The request to allow the texts to be exhibited in Mexico was made in a two-page letter addressed to Pope Francis and posted on President Andres Manuel Lopez Obrador’s Twitter page on Saturday (Oct 10) but dated Oct 2.
It was delivered to the pope by Lopez Obrador’s wife, Beatriz Gutierrez Muller, who met with him at the Vatican following a meeting she had on Friday with Italian President Sergio Mattarella.
One of the three codices, or books, requested is the Codex Borgia, an especially colourful screen-fold book spread across dozens of pages that depicts gods and rituals from ancient central Mexico.
It is one of the best-preserved examples of pre-conquest Aztec-style writing that exists, after Catholic authorities in colonial-era Mexico dismissed such codices as the work of the devil and ordered hundreds or even thousands of them burned in the decades following the 1521 conquest.

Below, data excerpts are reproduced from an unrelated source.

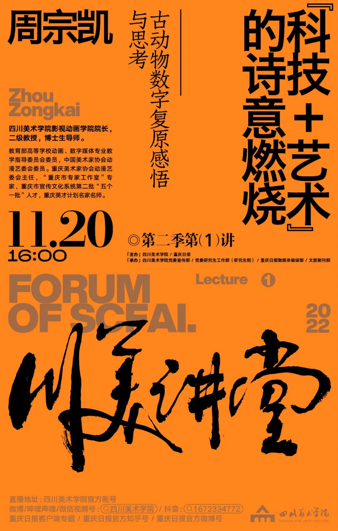 “川美讲堂”第二季共有12讲,分享嘉宾以四川美术学院研究生导师为主体,分享形式为线上平台直播。第二季第1讲将于2022年11月20日16:00在四川美术学院官方账号、重庆日报官方账号上正式推出,第1讲主题为“科技+艺术的诗意燃烧一一古动物数字复原及开发运用探索”,主讲人是四川美术学院博士生导师、影视动画学院院长周宗凯教授。欢迎关注!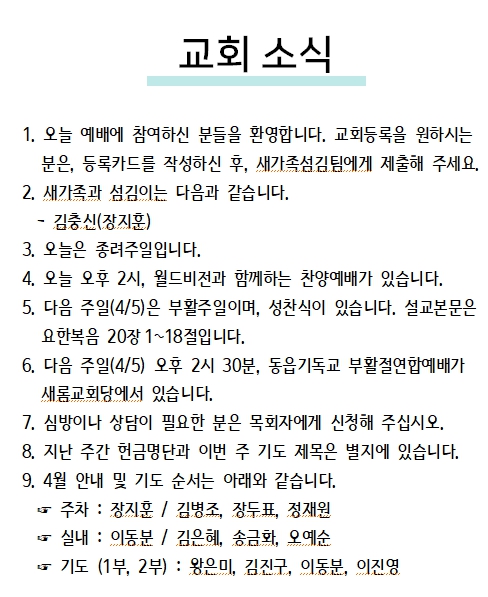 2026년 04월 05일 교회소식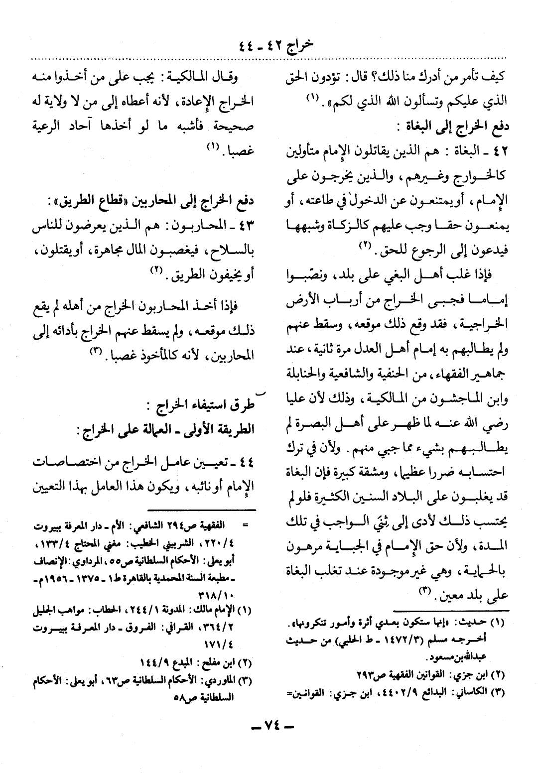 (3) الكاساني: البدائع 9 / 4402، ابن جزي: القوانين الفقهية ص 294 الشافعي: الأم - دار المعرفة ببيروت 4 / 220، الشربيني الخطيب: مغني المحتاج 4 / 133، أبو يعلى: الأحكام السلطانية ص 55، المرداوي: الإنصاف - مطبعة السنة المحمدية بالقاهرة ط 1 - 1375 - 1956 م - 10 / 318.

In the letter, Lopez Obrador requests the Vatican return the Codex Borgia, two other ancient codices as well as its maps of the Aztec capital of Tenochtitlan for a one-year loan in 2021.

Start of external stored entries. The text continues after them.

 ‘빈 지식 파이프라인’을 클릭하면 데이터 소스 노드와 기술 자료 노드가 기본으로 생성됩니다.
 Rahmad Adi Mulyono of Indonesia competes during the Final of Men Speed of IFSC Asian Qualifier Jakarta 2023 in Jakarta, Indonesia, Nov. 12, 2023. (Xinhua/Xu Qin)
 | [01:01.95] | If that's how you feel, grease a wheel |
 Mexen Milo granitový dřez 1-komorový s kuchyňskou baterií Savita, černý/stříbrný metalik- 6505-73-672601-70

The nationalist president is planning a series of events to commemorate the anniversary next year. He also reiterated his request that the Catholic Church, as well as reigning Spanish King Philip VI, apologise for atrocities that were committed following the conquest of Mexico, which Lopez Obrador said would mark an “act of historic contrition”.
The Vatican has not yet responded to the request, but its museums and archives have in the past lent out various manuscripts and works of art after similar requests from other countries.